En la Escuela externa, se continúa trabajando con el mismo éxito, viéndose ya el fruto no solo en las niñas, sino también en sus padres y hermanos a quienes enseñan lo que les enseñan las Hermanas, por lo regular son muy ignorantes en las cosas de Dios.
Gracias al celo del buen Sr. Capellán P. Sabino Savina y el de la Señora y Señorita, que no reparan en gastos ni sacrificios por la moralidad y civilización del Pueblo, todos los años en Semana Santa procuran vaya un Padre Misionero, para instruir y facilitar a la gente el Cumplimiento Pascual, y con el mayor gusto toman parte las Hermanas en enseñar la doctrina Cristiana a las jovencitas y señoras que las más, no saben ni persignarse; por este motivo, hay una Hermana en la portería que se dedica a instruir y preparar para primer Confesión y Comunión, a cuantas personas se presentan. Una de éstas de quince años de edad, hija de padres protestantes, lo mismo que ella y sus cinco hermanitos fue bautizada en la Capilla después de bien instruida en la religión Católica. Dieron al cato todo el esplendor posible, asistiendo mucha gente, y lo que más, que lo presenciaron sus padres que vivían en otro pueblo, llevando dos de los niños de tres y cinco años, para que recibieran el bautismo el mismo día. Al poco tiempo, esta joven ingresó en el Colegio para mejor instruirse y educarse.
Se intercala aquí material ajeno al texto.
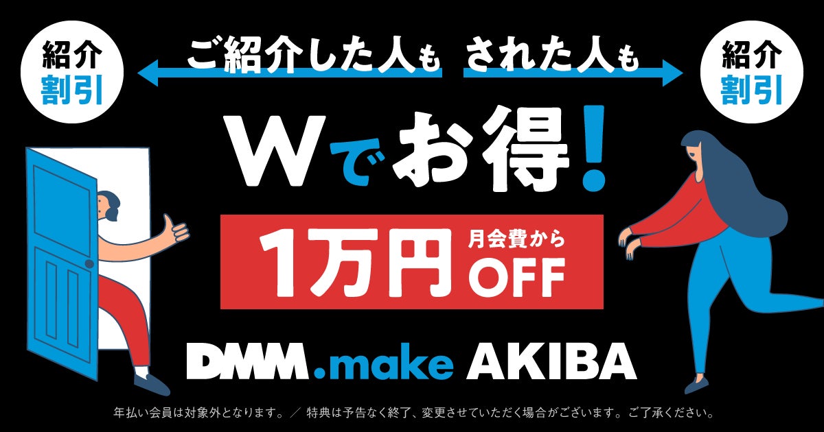 合同会社DMM.com(本社:東京都港区、会長 兼 CEO 亀山敬司、以下DMM)が秋葉原にて運営する「DMM.make AKIBA」は、会員紹介制度をリニューアルしたことをお知らせいたします。本件は、2022年4月27日(水)より適用となります。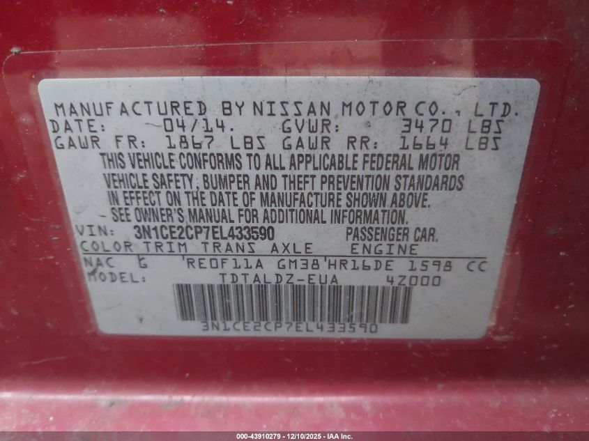 2014 NISSAN VERSA NOTE 2014 року Бензин, 1.6, Передній привід, vin - 3N1CE2CP7EL433590 з США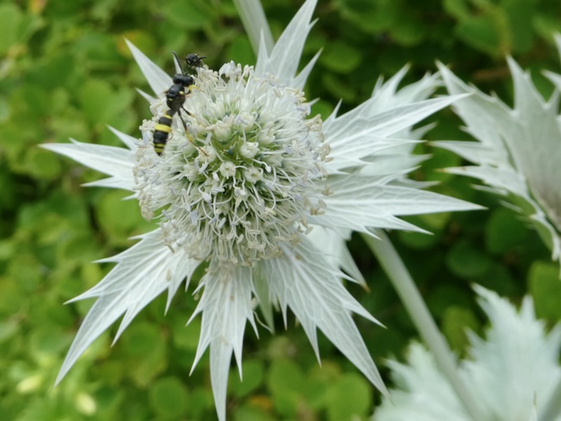 Im Vorbeiflug streifte mich gerade ein Tier und ließ sich dann unweit von mir auf den Agapanthus nieder. Durchblättern im Insektenbuch brachte keinen Erfolg. Könnt Ihr mir bitte helfen, mit wem ich es zu tun habe? Danke!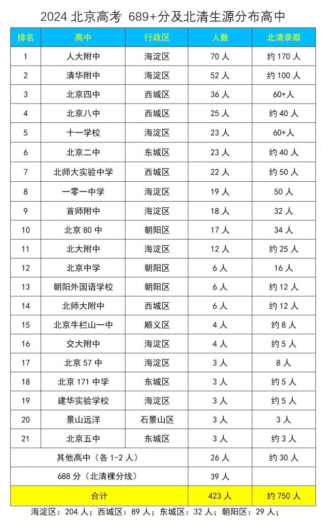 北清裸分线是688,上面的数据是689的人数,689分是一共384人;688分还有39人,一共是423人。从数据上来看,六小强五金刚几乎形成了垄断,其他学校也是各区数一数二的学校了!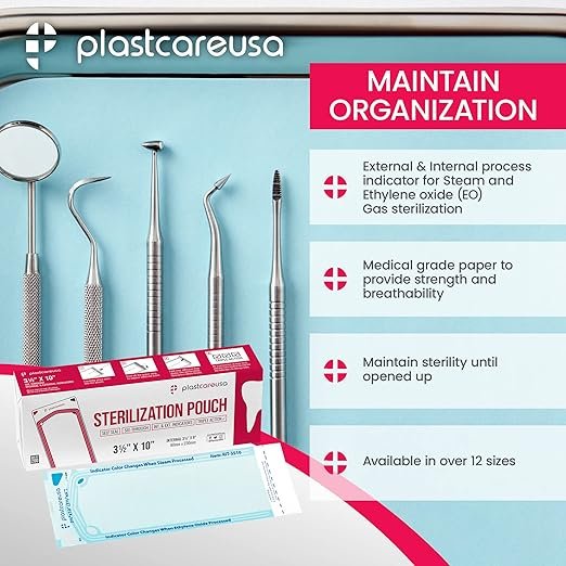 - BULK SELF-STERILIZATION BAGS: PlastCare USA provides 1 box of 200 pouches. These sterilizing bags keep teeth cleaning instruments and other dental tools sterilized until their next use. Keep your dental office or lab clean and sterile with these pouches.

A principios del año 1922, la Srta. Josefina Ocampo, escrituró a nombre del Instituto, la casa del quintero, con el terreno que las rodea, asimismo otro solar contiguo al terreno que está dedicado para la Iglesia del Pueblo, también propiedad de la misma, con el objeto de que al fin de sus días no sean ocupados por personas que pudieran molestar a la Casa. Por no estar indicado en su propia fecha, se hace mención en este lugar que el 24 de Enero de 1916, recibimos la Escritura Pública de la Casa del pueblo de Manuel Ocampo donación de la Sra. Melchora Beláustegui de Ocampo. Escribanía Ignacio M Godoy de Pergamino.
En este mismo año, dieron una Misión completa de quince días los Padres Redentorista, coincidiendo con la fiesta de San Antonio, Patrón del Pueblo, que es cuando más gente acude. Por la mañana, una misioncita para niños y niñas; por la tarde, para toda clase de personas sin distinción, y por la noche Conferencias solo para hombres que acudían en gran número. Mucho contribuyó a esto la animación y celo de las niñas externas, que con su entusiasmo contaban en sus casas lo que oían a los Padres Misioneros. Se vio el fruto de la Misión por los muchos bautizos y uniones matrimoniales en personas que vivían mal, causándoles gran gozo a las Hermanas, preparar a varis mujeres hasta de sesenta años, para hacer su primera confesión y comunión: todos los gastos ocasionados, costearon la Sra. Melchora y Srta. Josefina.
Marchando la Casa en perfecto orden y observancia, con la constante ayuda de la Sra. Melchora e hija, amadas y respetadas del Pueblo, es de esperar se recojan óptimos frutos, pues la mies es mucha, y el entusiasmo y celo de la comunidad es mucho también. Se bien ocultas en aquella querida Casita de Nazaret, están llamadas a trabajar mucho en bien de las almas, al mismo tiempo que a los Sdos pies de Jesús Sacramentado, se santifican.